The Databricks Lakehouse provides every component needed for a production RAG system: Delta Lake for document storage, PySpark for chunking and preprocessing (see Section T.6), Foundation Model APIs for embedding and generation, Vector Search for retrieval, and MLflow for chain evaluation and deployment. This section assembles those components into a complete RAG pipeline, from raw document ingestion through to a deployed Model Serving endpoint. The RAG architecture itself is covered in depth in Chapter 20.

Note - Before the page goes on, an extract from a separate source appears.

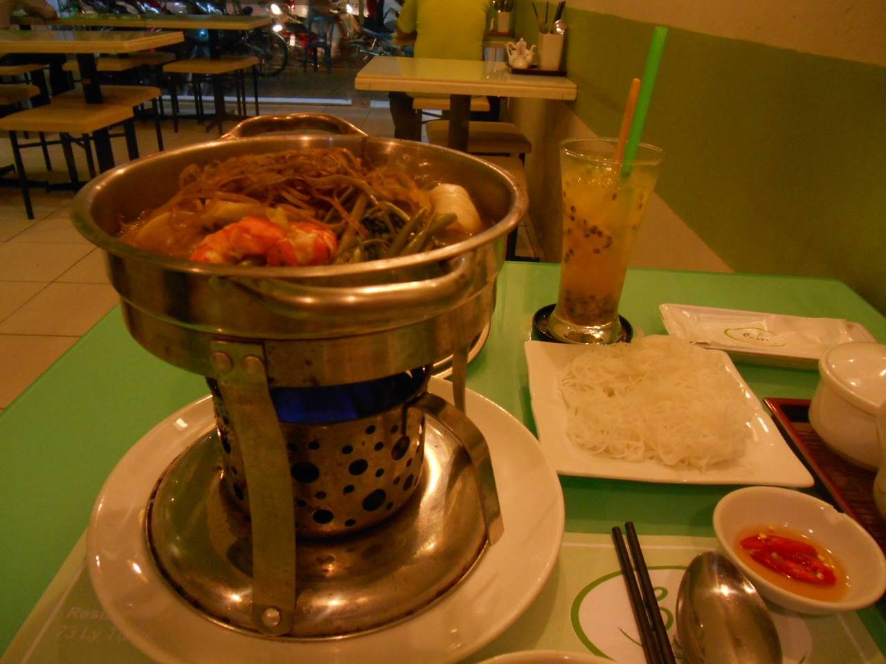 혼자가 Hot Pot이 땡긴다면 쌀국수 체인점 Pho 66에서 1인용 쌀국수 hot pot이 있다. 가격은 3000원 정도로 우선 hot pot 안에 들어가 있는 해산물과 야채를 끓인 후에 공기에 쌀국수를 담고 그 위에 해산물이나 채소를 얹어 먹으면 해산물 쌀국수 맛과 다를 것이 없다. 아니 그 보다 더 시원한 맛을 느낄 수 있다. 게다가 당당하게 Hot Pot에서 혼밥도 가능한 곳!

 Documents           Chunking             Embedding             Vector Index
┌──────────┐   ┌──────────────┐   ┌──────────────────┐   ┌──────────────────┐
│  Delta   │──▶│   PySpark    │──▶│  Foundation      │──▶│  Databricks      │
│  Lake    │   │   UDF chunk  │   │  Model API       │   │  Vector Search   │
│  (raw)   │   │   overlap    │   │  (BGE/E5)        │   │  (auto-synced)   │
└──────────┘   └──────────────┘   └──────────────────┘   └──────────┬───────┘
                                                                     │ retrieve
                                                          ┌──────────▼───────┐
                                                          │  Generation LLM  │
                Query ──────────────────────────────────▶│  (DBRX / Llama)  │
                                                          │  + MLflow chain  │
                                                          └──────────────────┘

Figure T.4.1: End-to-end RAG architecture on Databricks. All components except the user query live inside the Lakehouse, sharing Unity Catalog governance and MLflow lineage.

The ingestion pipeline (Code Fragment T.4.8 above) chunks documents with PySpark, writes chunks to a Delta table, and lets Vector Search handle embedding and indexing automatically.

The RAG chain itself (Code Fragment T.4.9 above) is a Python function wrapped as a pyfunc MLflow model. This makes it deployable to any MLflow-compatible endpoint, including Databricks Model Serving.

Key Insight

Wrapping the RAG chain as an MLflow pyfunc model provides more than just deployment convenience. It enables mlflow.evaluate() to run the full chain end-to-end against a labeled evaluation set, measuring retrieval quality (context recall, context precision) and generation quality (faithfulness, answer relevance) in one call. Evaluation with structured metrics is covered in Chapter 29.

Summary

Databricks provides a vertically integrated path from raw data to deployed AI application. Mosaic AI handles distributed training and managed fine-tuning, with MLflow capturing every experiment for reproducibility (see Appendix R). Foundation Model APIs give pay-per-token access to hosted open-weight models using the familiar OpenAI interface, with provisioned throughput available for latency-sensitive workloads. AI Functions bring LLM calls into SQL, making it practical to enrich data at ingestion time inside Delta Live Tables pipelines (see Section T.2). MLflow Evaluate provides LLM-specific metrics for comparing model versions before promotion through the Unity Catalog Model Registry. Vector Search adds a managed retrieval layer that auto-syncs with source Delta tables, removing the need for a separate vector database in most RAG architectures. Finally, all these components compose naturally into end-to-end RAG applications that are deployed, versioned, and evaluated entirely within the Lakehouse, as detailed in Chapter 20 and the evaluation framework of Chapter 29.